The work included in Don’t Look Back, revolves around the central theme of the journey. The nucleus of the exhibition will be an installation of new pieces from the Endeavor and Venice series. Referencing the America’s Cup boat - the Endeavor - Lino’s hanging boats, evoke a sense of grace and adventure, like a fleet embarking. They will be surrounded by six Venice panels which are an abstract representation of the city. The exhibition will also feature a series blown and cut vessels from the Mandara, Makah, Niomea, Stromboli and Vienna series, which through their delicate cane work create the illusion of intricately woven tapestries.

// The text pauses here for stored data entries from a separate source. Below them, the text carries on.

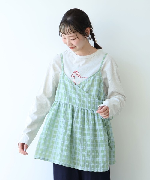 軽やかな透け感とぽこぽことした表面感がかわいいsheer check。ビュルデサボンがいつもお願いしている、一宮の機屋さんで織っていただきました。フロントはカシュクール仕様、サイドのリボンで結ぶデザインにすることで、甘さの中にほどよい抜け感をプラス。肩紐は華奢に仕上げ、インナーとのレイヤードが楽しめるバランスにこだわりました。カットソーやブラウスに重ねるだけで、いつものコーディネートが新鮮な印象に。同素材のボトムと合わせたセットアップ風の着こなしもおすすめです。季節に合わせてインナーを変えながら、長く楽しめる一枚。bulle de savonらしい、着るたびに気分がやわらぐキャミブラウスです。============================透け感:あり伸縮性:なし光沢感:なし============================※素材の特性、お取り扱いの注意水洗い可・・・中性洗剤使用アイロン可・・・あて布使用・デリケートな素材ですので、激しい運動や極度な力が加われば、目が開いたり目寄れ(織糸が滑り、目が開く)する性質をもっています。bulle de savon(ビュルデサボン)BRAND CONCEPT女性、誰もが ふっと子供の頃を思い出し 少女のような気持ちに戻れる服。 bulle de savon =シャボン玉の事 石鹸の泡とか、においなど、 懐かしい感じ。設立年月日 1994年8月※グリーンはサンプルです。実際の商品と仕様・加工・サイズ等が若干異なる場合がございます。※モデルの着用画像は光の関係で商品の色味が若干異なります。※取り扱いの注意については取り扱い表示をよくご確認の上、着用をお願いいたします。※工場の生産の都合上、入荷の時期が前後する場合がございます。ご了承ください。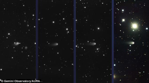 从左到右依次为,利用双子北座望远镜的双子座多目标光谱仪分别于2013年2月4日,3月4日,5月4日获得的彗星ISON图片。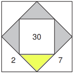 a) Ergänze die fehlenden fünf Zahlen im untenstehenden Rechenquadrat. Gib als Endresultat die Zahlen, die in den grauen Dreiecken enthalten sind an.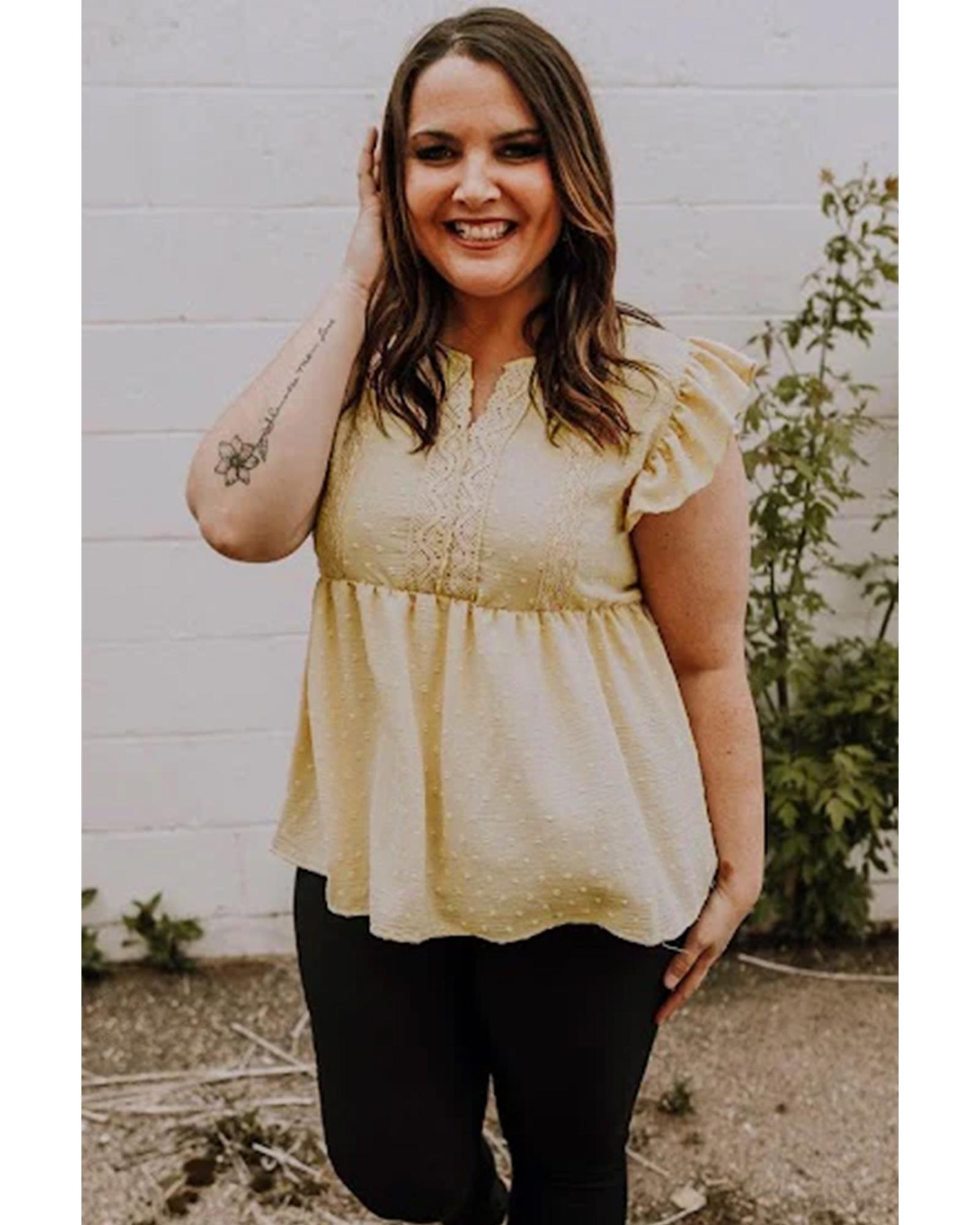 Golden Fleece Plus Size Swiss Dot Lace Trim Split Neck Babydoll Top – 1X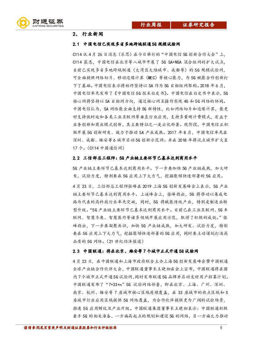 财通证券:通信行业周报:产业链主要环节达到商用水平,5G驱动行业升级.pdf

The most important journey documented in the exhibition is the one Tagliapietra has travelled himself. He has spent over 60 years in the hotshop and still, after a lifetime of work, the material remains magical to him. His exuberance, eagerness and enthusiasm are embodied in every piece and fill the viewer with great expectation that he is ‘only just beginning.’

Tagliapietra started his career at the age of twelve, as an apprentice in a glass factory on his native island of Murano. At twenty-one he earned the title of maestro vetraio - master glassmaker. In the late 1970s he set off to pursue the path of a studio artist. Arguably the greatest ambassador of Italian glassmaking in service of art, Lino Tagliapietra has been a most sought-after educator, collaborator and consultant to many artists working with glass worldwide. None have taken greater advantage of his generosity than the Americans. Among the many who consider him their teacher are artists such as Dante Marioni, Richard Marquis and Dale Chihuly.

The recipient of most awards available to an artist in his field, represented in many major museums around the world, Tagliapietra has followed a path few have chosen and in which he has succeeded above all. Ms. Frantz, recently wrote of him: “How often does an artist accomplish something specific and concrete that opens new possibilities exceeding his or her own work and, as a result, affects the course of art history? Without hyperbole, that is the truth about Lino Tagliapietra and his influence on the history of blown glass. Thanks largely to him the technical standard of the craft was raised world-wide and the former greatness of Murano lives on in a variety of innovative and evolving incarnations in Seattle, Amsterdam, Canberra, and countless other sites.